Posted Dec 14, 2005 4:48 UTC (Wed) by bojan (subscriber, #14302) [Link]

> Yea, like I said, you can paint it any color of rose you want...

It is a matter of law that conditions exist for copyright infringement to become "theft" (a crimial offence, actually). Just because you think it is "theft", it doesn't make it so. You are just painting it in your colours, while I'm trying to point out the reality (US & Oz):

http://www.copyright.gov/title17/92chap5.html#506
http://www.austlii.edu.au/au/legis/cth/consol_act/ca19681...

> If the music and movie industries are not fueled with funds, they'll simply dwindle away under a model you desire.

Quick, save the world! Oh, while at it, make sure open source is forbidden too. All the signs show that the "software industry" is already suffering because of those pesky FOSS lovers.

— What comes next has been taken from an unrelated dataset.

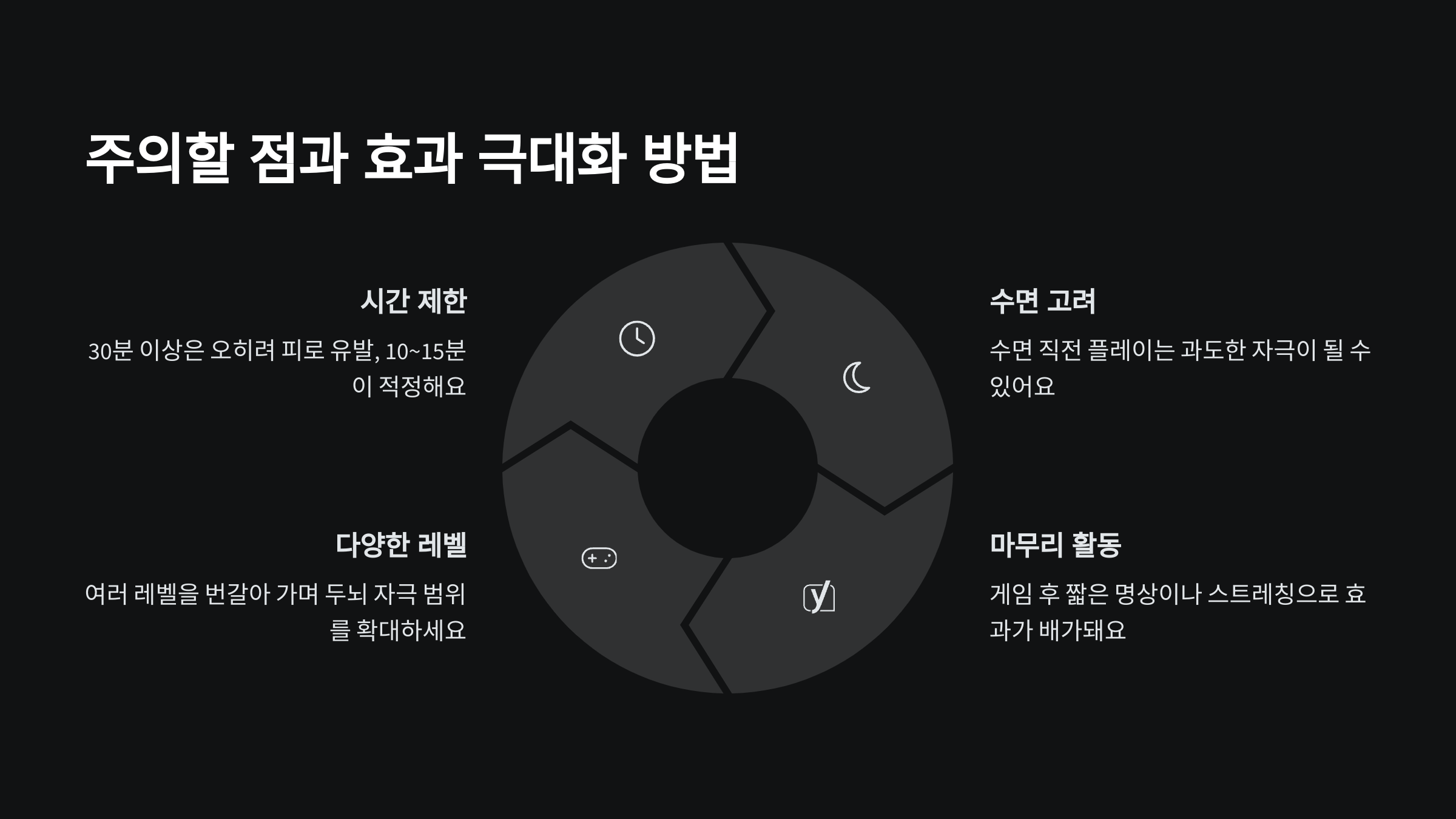 단순히 시간 때우기용 게임이 아니라 ‘생산적인 뇌 자극’이라는 마인드로 접근하는 게 중요해요.

I certainly hope that human existence isn't about "survival of industries". Because if it is, we'll never do anything better than what we know today.

To dwindle away...

Posted Dec 15, 2005 5:44 UTC (Thu) by xoddam (subscriber, #2322) [Link]

> If the music and movie industries are not fueled with funds,
> they'll simply dwindle away under a model you desire.

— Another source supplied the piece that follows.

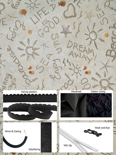 Back fabric - Powernet, cotton woven cup fabric, baby combed cotton jersey lining fabric, band facing elastic, underarm/shoulder/bust facing elastic, underwire casing, wires, YKK front opening zip (12cm for sizes 28 - 36 and 17cm for sizes 38 - 54), interfacing strip, hook and eye.

Now that would be a rosy outcome! No longer will record companies be
able to profit by signing bands into indentured labour, throwing up some
glossy posters and videos then pressing the 'copy' button at $15 a pop.

More likely is that these industries will adapt to a different business
model that offers what the real market -- the consuming public, which
happens to have taste and duplicating machines of its own -- demands,
instead of demanding draconian enforcement of new artificial monopoly
rights.

People have already started spending less money on prerecorded
mass-market CDs and films and more on live entertainment, concert
merchandise (including indie recordings, often on CD-R, at a reasonable
markup) and art objects -- a direct financial return to numerous
individual artists.

No-one here is advocating the abolition of copyright. We *are* decrying
the attempt to keep general-purpose machines out of the hands of the
general public.

> The demise, however, will not be for lack of demand for the product.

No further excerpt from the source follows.